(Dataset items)
──────────────────────────────
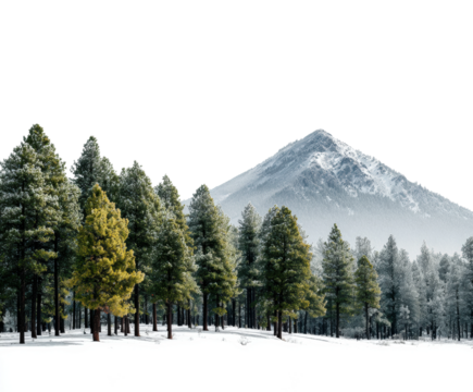 Snowy mountain landscape pine trees winter scene nature vista isolated on transparent background
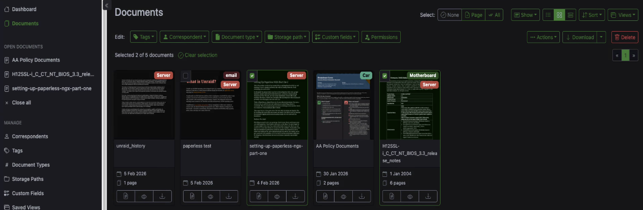 Paperless AI is the one doing the heavy lifting. It reads the text in your documents and handles tagging, document types, correspondents, and titles. It's also got a RAG chat feature so you can ask questions across your entire collection.
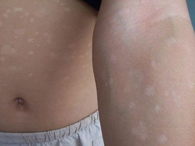 2、花斑癣影响个人形象:花斑癣好发于多汗部位,如胸部、腹部、上臂、背部和颈部,有时也可波及面部,可形成色素脱失的斑点,不容易消退。
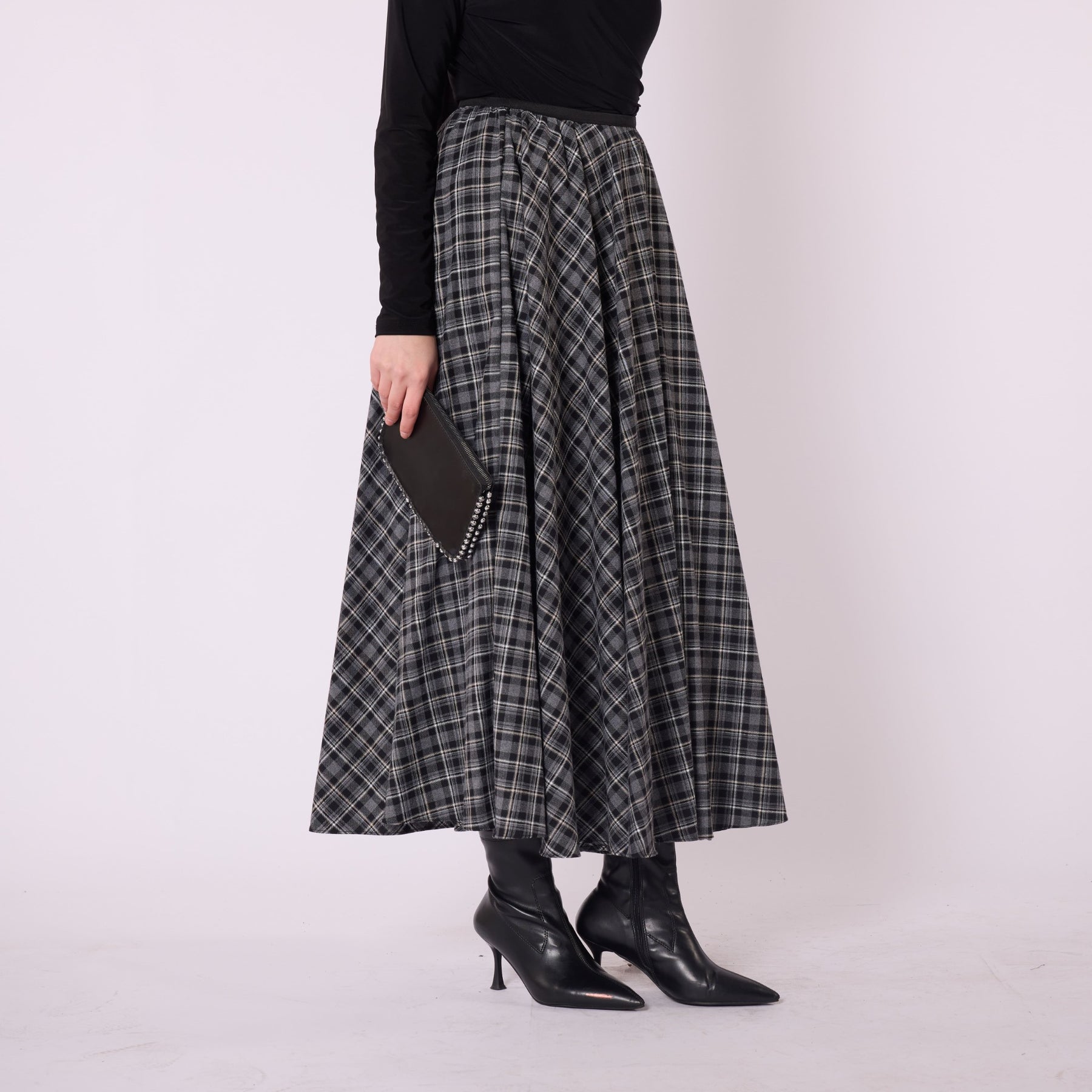 Model: Checkered long skirt with elastic waist
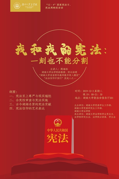 2019年12月3日晚,为迎接第六个国家宪法日,“我和我的宪法,一刻也不能分割”主题讲座在英国上市官网365复临舍报告厅成功举办。讲座邀请了英国365集团公司院长助理、“法治信仰中国行”发起人之一蒋海松副教授主讲。讲座由英国上市官网365党委学生工作部、党委研究生工作部、英国365集团公司主办,英国365集团公司党总支、研究生会、分团委、学生会承办,来自英国上市官网365、中南大学、湖南师范大学、湖南工商大学等高校师生、湖南省司法实务界人士等两百多人参加讲座。
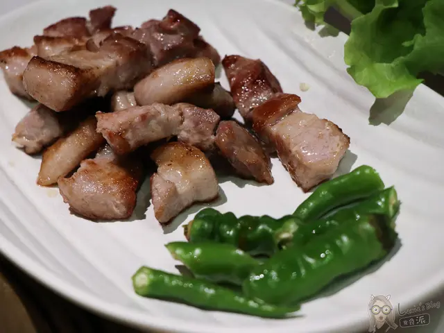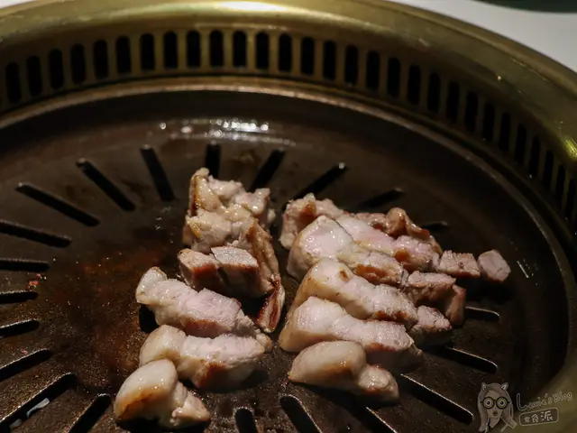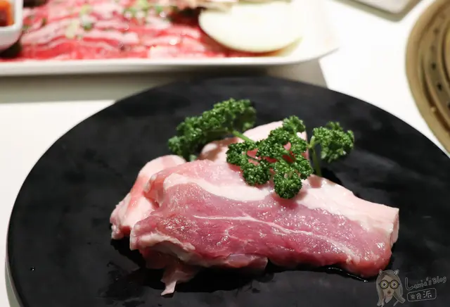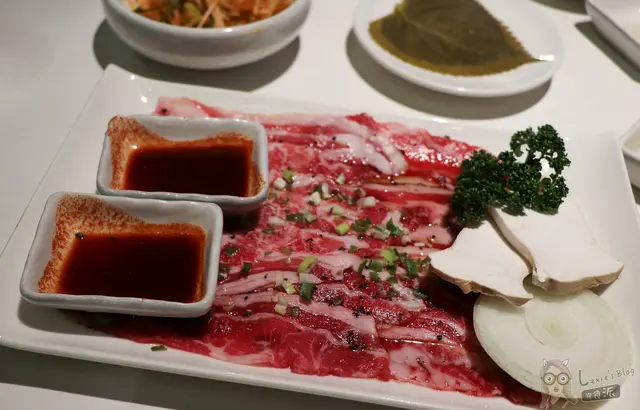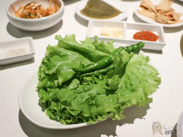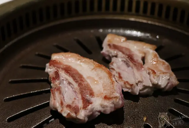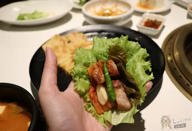 服務生會全程代烤,提供最適切的燒烤熟度,烤完後再剪成容易入口的大小。豬肉油花肥瘦均勻,怕豬油脂肪的人(我!)也不怕擔心,吃起來並不油膩,經燒烤後肉質非常彈牙,最適合包菜一起食用,整體口味中規中矩不算非常令人印象深刻。
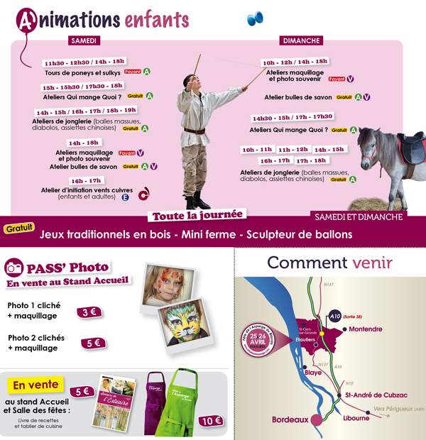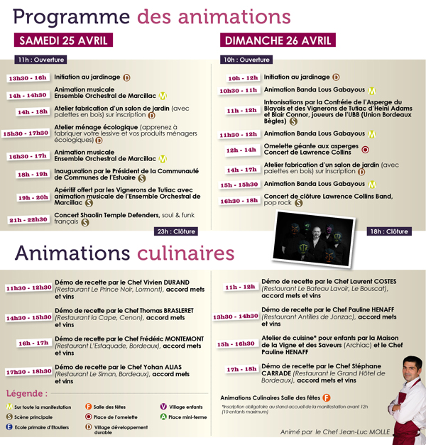 « Comme tous les ans et dans tous les agendas de Haute-Gironde, le dernier weekend d’Avril est réservé à l’événement le plus botté de l’année : la Fête de l’Asperge du Blayais à Etauliers. Les plus de 10 000 visiteurs déambuleront librement et gratuitement parmi une soixantaine d’exposants aux délices régionaux ; les enfants jongleront entre des promenades en poney, des séances de maquillage et la découverte d’une mini-ferme.
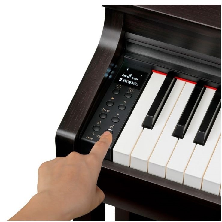 Для бесшумной игры в любое время суток предусмотрена возможность подключения наушников. Удобная панель управления с OLED-дисплеем высокого разрешения облегчает работу с инструментом.
──────────────────────────────
Reproduce the data above exactly, but only the lines from the one showing "2、花斑癣影响个人形象:花斑" through the one showing "服務生會全程代烤,提供最適切", with both ends kept and the pictures left out.

WRITTEN SOLUTION:
 2、花斑癣影响个人形象:花斑癣好发于多汗部位,如胸部、腹部、上臂、背部和颈部,有时也可波及面部,可形成色素脱失的斑点,不容易消退。
 Model: Checkered long skirt with elastic waist
 2019年12月3日晚,为迎接第六个国家宪法日,“我和我的宪法,一刻也不能分割”主题讲座在英国上市官网365复临舍报告厅成功举办。讲座邀请了英国365集团公司院长助理、“法治信仰中国行”发起人之一蒋海松副教授主讲。讲座由英国上市官网365党委学生工作部、党委研究生工作部、英国365集团公司主办,英国365集团公司党总支、研究生会、分团委、学生会承办,来自英国上市官网365、中南大学、湖南师范大学、湖南工商大学等高校师生、湖南省司法实务界人士等两百多人参加讲座。
 服務生會全程代烤,提供最適切的燒烤熟度,烤完後再剪成容易入口的大小。豬肉油花肥瘦均勻,怕豬油脂肪的人(我!)也不怕擔心,吃起來並不油膩,經燒烤後肉質非常彈牙,最適合包菜一起食用,整體口味中規中矩不算非常令人印象深刻。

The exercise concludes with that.